I dug a little deeper and found that this word was also used by the ancient Greeks to refer to a meadow, a pasture, or even a territory. Some of you may get your ranch after all. Frankly, we're not told how big or small our dwelling place is in the Father's house. We're just told that we all have one as Christ promised, but keep in mind that doesn't mean you won't have a place or even places throughout the world, the newly created world, and perhaps beyond where you will one day travel and explore and enjoy as you glory in your creator God forever.

We really can't even imagine it. Now, what we are told is that John makes a special note of the absence of a particular feature as he now moves us through the city gates and into the golden city. Look at verse 22 of Revelation chapter 21. John states very clearly, and I saw no temple in it, for the Lord God the Almighty and the Lamb are its temple.

Now, stop for a moment. The Old Testament prophets foresaw the temple as a principal building or item in their description of the glorified city, such as in Isaiah's writings of chapter 44 and chapter 60 and in and through Ezekiel's vision in his description in chapters 40 through 48. The temple that John probably expected to see from what he knew of Old Testament prophetic descriptions was actually the restored millennial temple, which we've already studied, which is now over. And now it's as if John wants to make sure the reader understands that the prophetic description given of the eternal state will not be misunderstood. The millennial kingdom had a temple, but not the eternal state.

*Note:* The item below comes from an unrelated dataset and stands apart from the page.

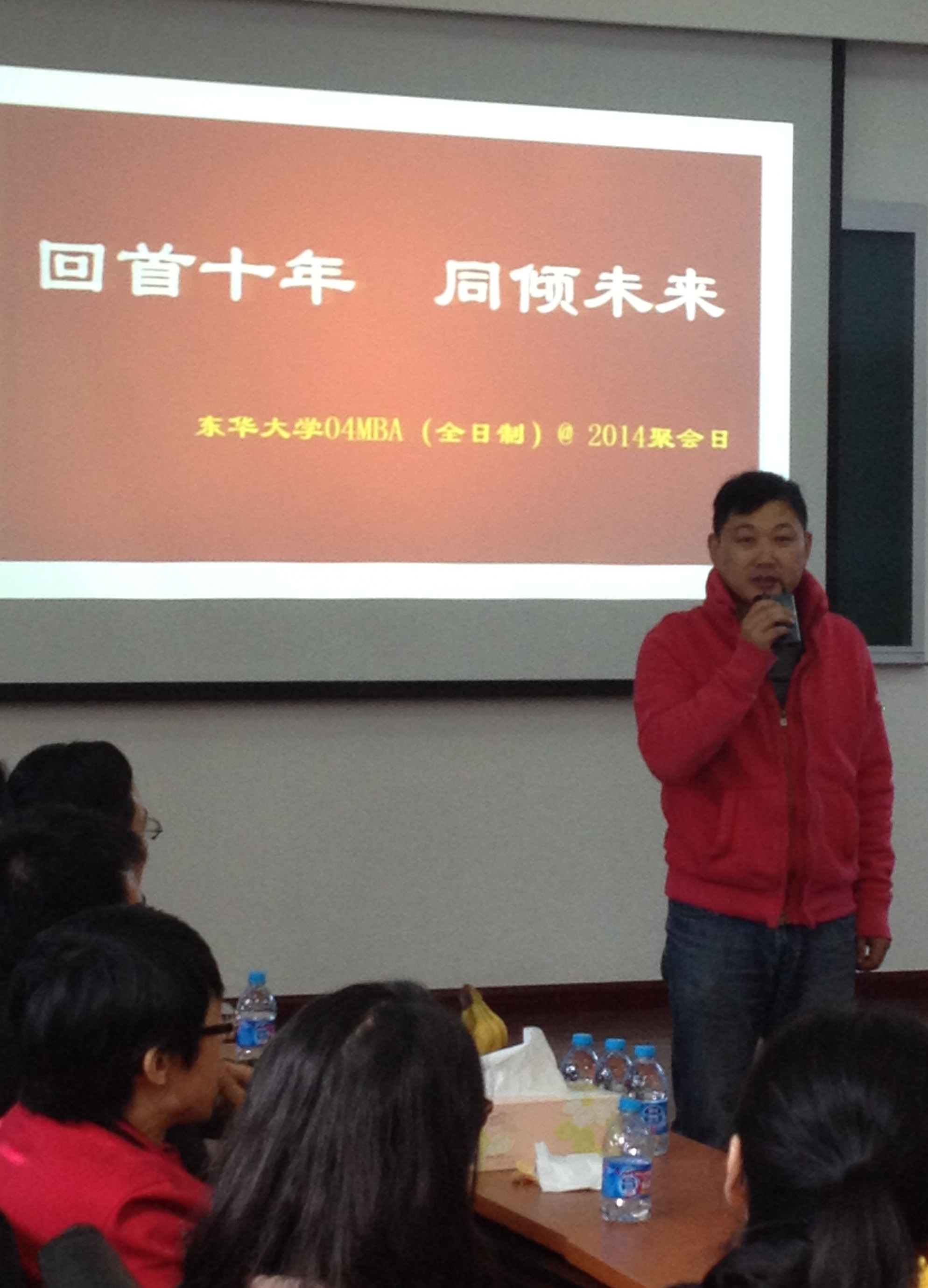 2014年11月15日星期六9:30,旭日楼100教室,04MBA(全日制)1班和2班举行了一场隆重的同学聚会。此次聚会由两个班的班长牵头带领,并由东华大学澳門漁人码头 校友会协助举办,共同纪念同学十年友谊,并携手共迎未来。出席此次活动的嘉宾包括澳門漁人码头 副院长沈蕾教授,澳門漁人码头 校友会秘书长梁传标,副秘书长王磊,以及各班级MBA学生。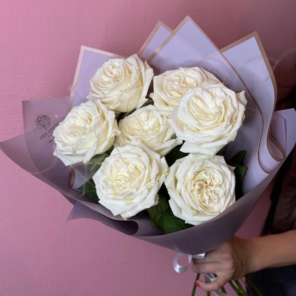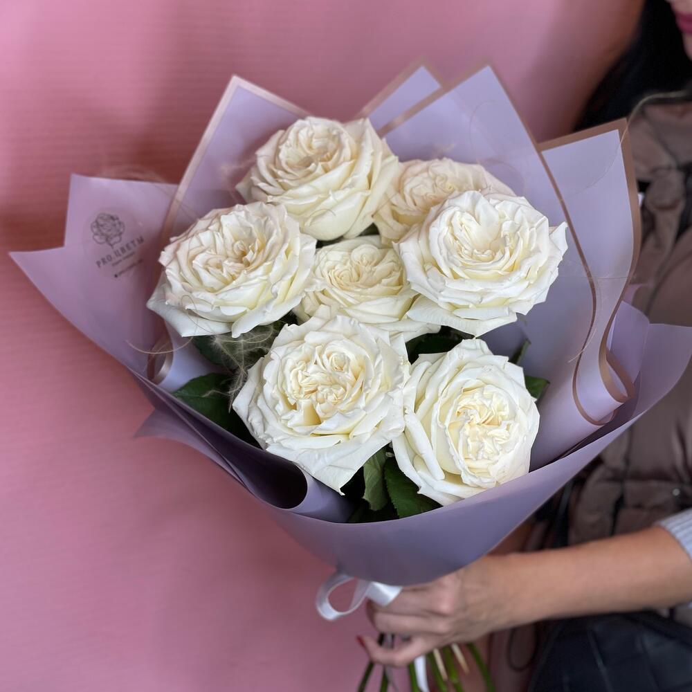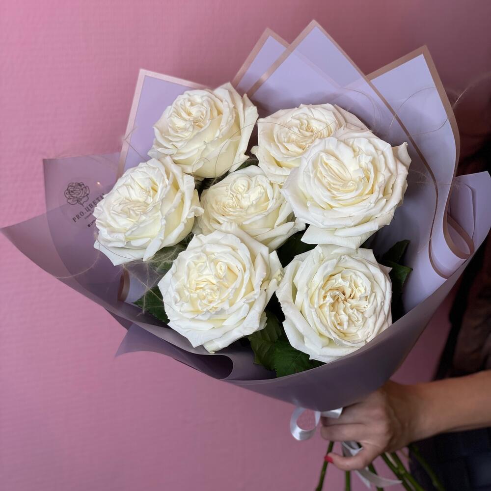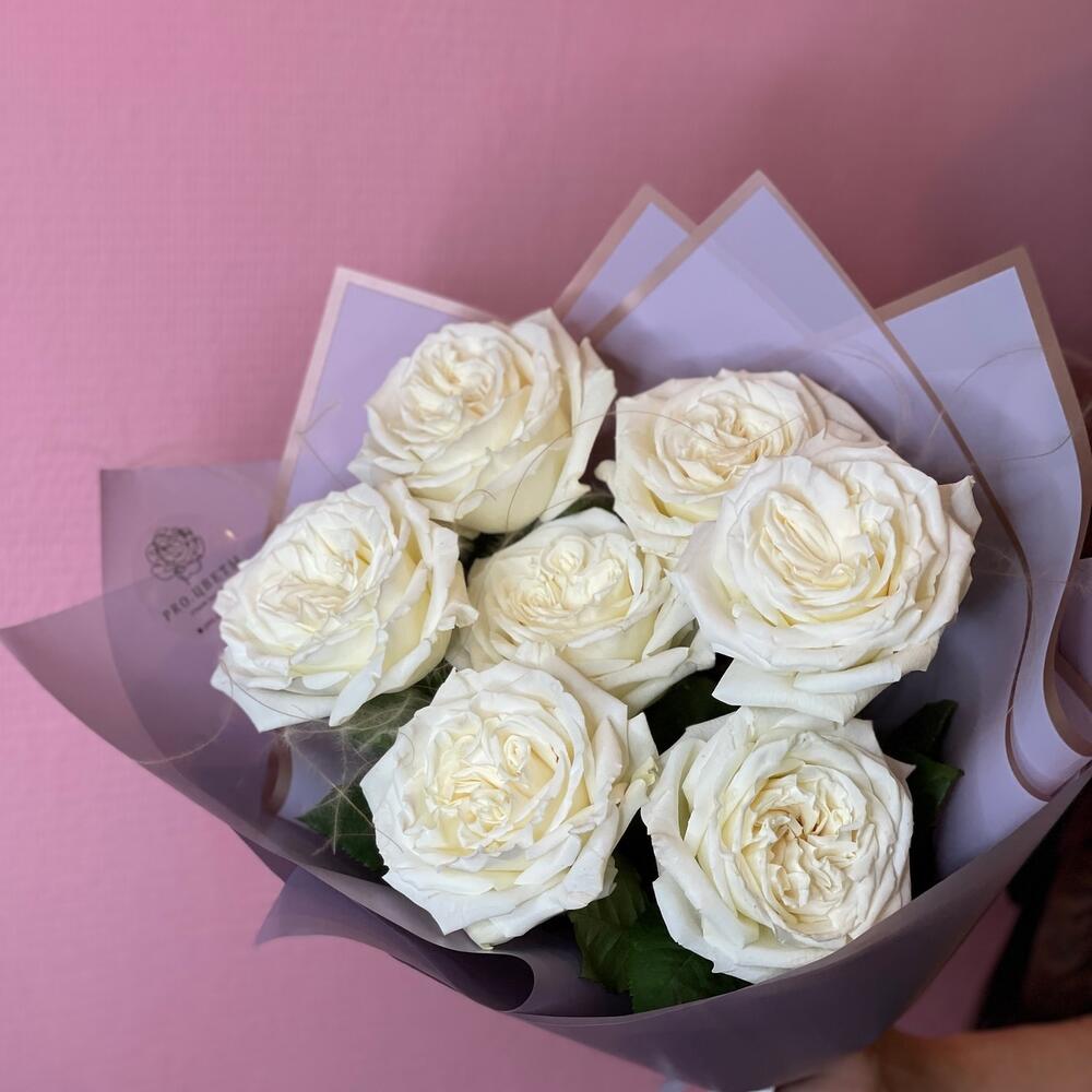 Лента атласная - 1 шт. Средство для продления жизни цветов - 1 шт. Стифа - 4 шт. Пленка дизайнерская - 1 шт. розы пионовидные - 7 шт.

Well, why not? Because in the Father's house, God's presence would not be limited to some holy of holies tucked inside a temple somewhere, not here, for the presence of God is going to permeate the entire city. There will be no need in even a memorial fashion to go to a sanctuary or a temple, or for that matter a cathedral or a chapel or any house of worship. In heaven, we will worship as it were the very presence of God.

We're going to see him face to face, mediated through the Lamb of God. There in this heavenly city, he, think of it this way, he himself is the place of worship. The trouble is, for us, we tend to think of worship as a song that we like to sing or a service on Sunday morning or Sunday night. The biblical concept of worship is far more comprehensive, even now.

And here in the Father's house, we're going to get it right. The biblical idea of worship incorporates all of life. Paul would write of eating or drinking or whatever you do, doing it to the glory of God. It is worship, 1 Corinthians 10, 31. What Paul means then is that everything you do that is necessary and or legitimate in life can be considered an act of worship.

Service is literally worship. Now that's impossible for us to grasp and it is impossible for us to consistently practice here with our sinful bodies and our sinful impulses and our sinful propensities. But here in the Father's house, we are perfected in every aspect. We are sinless in every regard. We are glorified in every molecule of our being and our lives will literally become nonstop worship. As we worship face to face uniquely in this host city, uniquely before the throne of God, and certainly everywhere throughout the universe, even as now, we can worship him wherever we are.

What a future. Let me go back to the opening games for a moment. If you've watched the opening ceremonies of the Summer Olympics, you've been struck by the tradition of the Olympic flame. Now the Greeks and this pagan origin believed that fire had been given by one of the gods and they considered it to have sacred qualities. In fact, I found it interesting to learn from secular sources that the Olympic flame is supposed to represent purity and the pursuit of perfection demonstrated by these games. We know from history that the high priestess of Olympia would use a specially curved mirror to focus the sun's rays and reflect them to create a flame and that flame would be kept perpetually burning. It was in 1928 for the first time that the tradition began to start a flame that would perpetually burn throughout the playing of the games and so that takes place today.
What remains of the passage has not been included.